● Information given
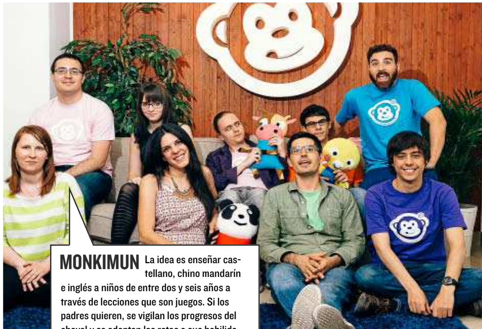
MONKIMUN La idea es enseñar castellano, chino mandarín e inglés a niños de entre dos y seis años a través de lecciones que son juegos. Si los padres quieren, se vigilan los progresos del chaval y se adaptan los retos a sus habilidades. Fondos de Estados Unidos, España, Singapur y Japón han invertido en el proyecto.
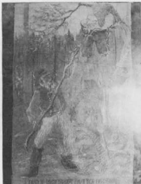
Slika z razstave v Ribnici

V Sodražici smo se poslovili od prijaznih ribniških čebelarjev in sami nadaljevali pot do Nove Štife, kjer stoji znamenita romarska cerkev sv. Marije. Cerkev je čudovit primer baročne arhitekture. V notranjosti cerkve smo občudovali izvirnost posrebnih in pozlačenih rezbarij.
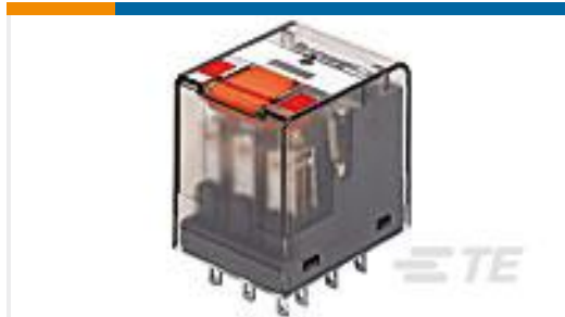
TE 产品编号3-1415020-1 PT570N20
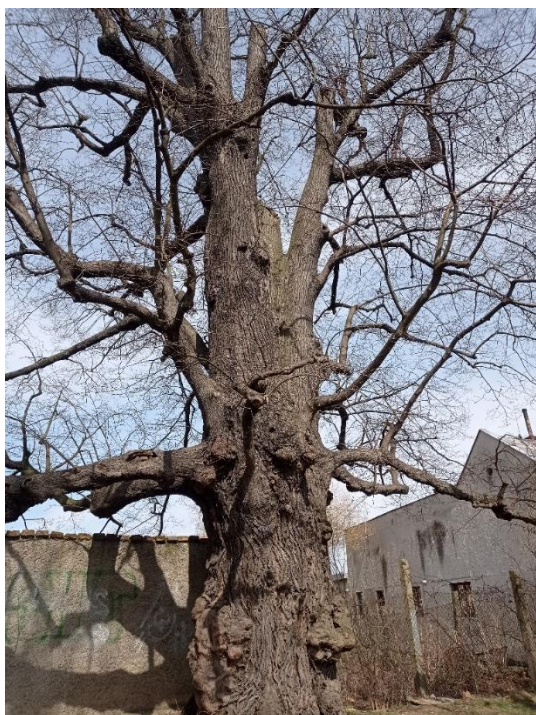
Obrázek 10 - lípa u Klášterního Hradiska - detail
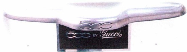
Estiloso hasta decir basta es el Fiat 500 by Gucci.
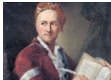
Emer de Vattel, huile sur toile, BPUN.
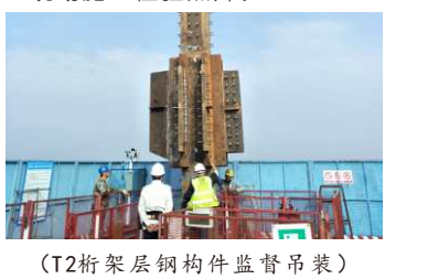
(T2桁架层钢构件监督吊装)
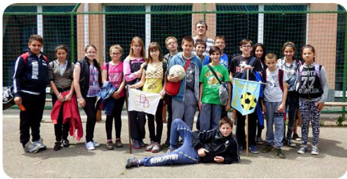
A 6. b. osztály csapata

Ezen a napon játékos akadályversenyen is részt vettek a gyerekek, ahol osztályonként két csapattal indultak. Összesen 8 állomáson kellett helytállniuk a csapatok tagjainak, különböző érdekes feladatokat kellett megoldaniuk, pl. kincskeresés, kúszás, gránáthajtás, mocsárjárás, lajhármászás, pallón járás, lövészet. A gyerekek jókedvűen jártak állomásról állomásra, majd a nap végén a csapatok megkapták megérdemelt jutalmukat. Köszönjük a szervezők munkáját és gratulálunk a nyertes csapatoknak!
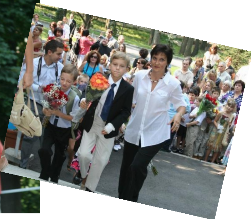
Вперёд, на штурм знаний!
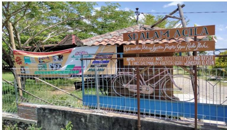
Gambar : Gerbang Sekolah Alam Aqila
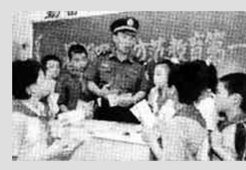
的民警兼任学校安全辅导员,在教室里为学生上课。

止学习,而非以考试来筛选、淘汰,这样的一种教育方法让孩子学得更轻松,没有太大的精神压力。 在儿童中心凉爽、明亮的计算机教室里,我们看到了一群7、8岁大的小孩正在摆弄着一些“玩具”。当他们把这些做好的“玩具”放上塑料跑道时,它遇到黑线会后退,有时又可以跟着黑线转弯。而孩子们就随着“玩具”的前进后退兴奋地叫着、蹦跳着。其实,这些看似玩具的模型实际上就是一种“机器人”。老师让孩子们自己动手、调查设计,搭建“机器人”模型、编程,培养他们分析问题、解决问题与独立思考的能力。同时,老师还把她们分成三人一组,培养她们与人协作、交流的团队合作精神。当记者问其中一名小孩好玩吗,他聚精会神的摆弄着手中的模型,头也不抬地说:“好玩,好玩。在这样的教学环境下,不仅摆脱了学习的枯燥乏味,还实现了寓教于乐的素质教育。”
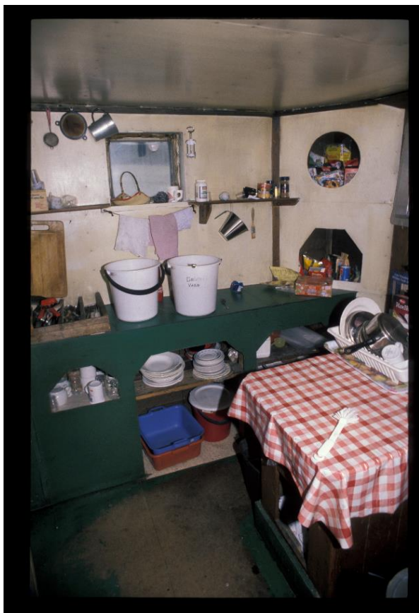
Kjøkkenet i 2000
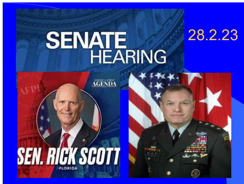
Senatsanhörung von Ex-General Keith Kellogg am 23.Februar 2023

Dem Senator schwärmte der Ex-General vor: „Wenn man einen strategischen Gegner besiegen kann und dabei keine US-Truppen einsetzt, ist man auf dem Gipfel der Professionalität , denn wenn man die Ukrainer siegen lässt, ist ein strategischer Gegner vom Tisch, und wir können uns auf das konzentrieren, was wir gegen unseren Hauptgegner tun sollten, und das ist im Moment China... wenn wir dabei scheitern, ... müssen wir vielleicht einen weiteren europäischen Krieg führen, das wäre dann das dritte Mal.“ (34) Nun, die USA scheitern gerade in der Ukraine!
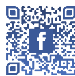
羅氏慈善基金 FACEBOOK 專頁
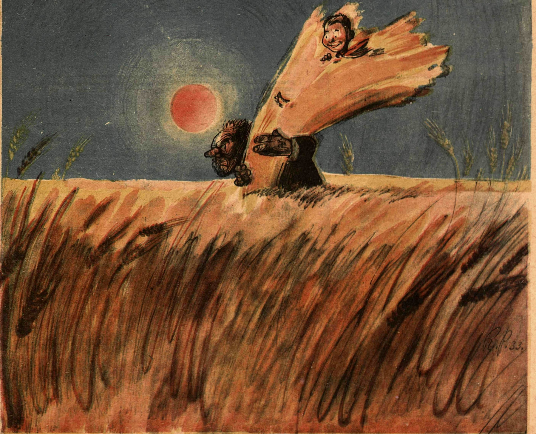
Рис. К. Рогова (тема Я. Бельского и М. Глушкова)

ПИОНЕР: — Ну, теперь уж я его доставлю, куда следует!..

● Work instructions
Your answer should be every line from the material above in which the word "General" appears.

● Written reply
Senatsanhörung von Ex-General Keith Kellogg am 23.Februar 2023
Dem Senator schwärmte der Ex-General vor: „Wenn man einen strategischen Gegner besiegen kann und dabei keine US-Truppen einsetzt, ist man auf dem Gipfel der Professionalität , denn wenn man die Ukrainer siegen lässt, ist ein strategischer Gegner vom Tisch, und wir können uns auf das konzentrieren, was wir gegen unseren Hauptgegner tun sollten, und das ist im Moment China... wenn wir dabei scheitern, ... müssen wir vielleicht einen weiteren europäischen Krieg führen, das wäre dann das dritte Mal.“ (34) Nun, die USA scheitern gerade in der Ukraine!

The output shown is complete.